Microsoft ended up here because it found a large set of DNNs where hitting model parameters in DRAM was severely limiting performance.
Instead, Microsoft is persisting model parameters in FPGA on-chip memory.
When you have the scale, that means you can persist model parameters in FPGA memory in the data center and run DNNs as a microservice. This is something that is simply not practical to do at a smaller scale.
With the high-speed network, and connecting FPGAs directly to the network, Microsoft can deploy these microservices so that one FPGA can run multiple parts of different models and one model can run across multiple FPGAs. Once the model parameters are loaded, there is no longer a need to hit DRAM and this acts as an extremely fast processing engine.

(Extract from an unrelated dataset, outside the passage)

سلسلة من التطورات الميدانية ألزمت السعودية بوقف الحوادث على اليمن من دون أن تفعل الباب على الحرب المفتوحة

Overall, with this level of usage, it is little wonder why Altera was acquired by Intel. Microsoft benefits also by the fact that FPGAs are reprogrammable. That means that there are benefits over Google’s TPU ASIC approach when it comes to using hardware for new structures.

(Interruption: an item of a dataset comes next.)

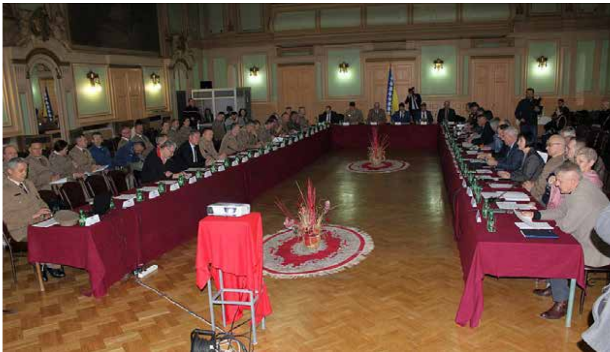
14. konferencija Generalnog inspektorata MO BiH i inspektora u OS BiH, 11. mart 2020. godine, Dom OS BiH, Sarajevo

Na 14. konferenciji Generalnog inspektorata MO BiH i inspektora u OS BiH, komandant NATO Štaba u Sarajevu brigadni general William J. Edwards i komandant EUFOR-a generalmajor Reinhard Trischak izjavili su:

Microsoft BrainWave DPU Architecture
A key component in the BrainWave stack is the Soft DPU. Microsoft’s slide does a good job explaining the key features:
Here is the microarchitecture slide:
One of the key components is the Matrix Vector Unit. Here is where Microsoft is using msft-fp (its own floating point implementation) to achieve additional performance.
The idea here is that Microsoft can create different MVU tile arrays on FPGAs based on model needs.
Now for why this matters and where it is going.
Microsoft BrainWave FPGA Powered Performance Ramp
Here is the Altera Stratix V versus the new Stratix 10 FPGA performance.
As you can see, performance is ramping significantly. There is little doubt that Stratix 10 had input from Microsoft that helped shape this performance improvement.
Here Microsoft is showing the Arria 10 to Stratix 10 (early silicon) performance improvement. On the right side of the chart is something interesting as well. This is how the Microsoft BrainWave Soft DPU is distributing MVU Tile arrays on a Stratix 10 280 FPGA.
With Google building its own ASICs, many companies like Baidu and Facebook are relying heavily on NVIDIA GPUs, there is a quest to solve deep learning and inferencing problems with architectures beyond the CPU. Microsoft’s implementation is intriguing because it leverages a high-speed network and on-chip memory to achieve a persistent, low batch size performant, engine on FPGAs. This is something that Microsoft can do simply because of its scale. For startups, this type of architecture is relatively difficult to produce because it requires the scale that makes starting on NVIDIA GPUs significantly more viable. Still, it is a great window into how one of the largest hyper-scale shops is building its infrastructure.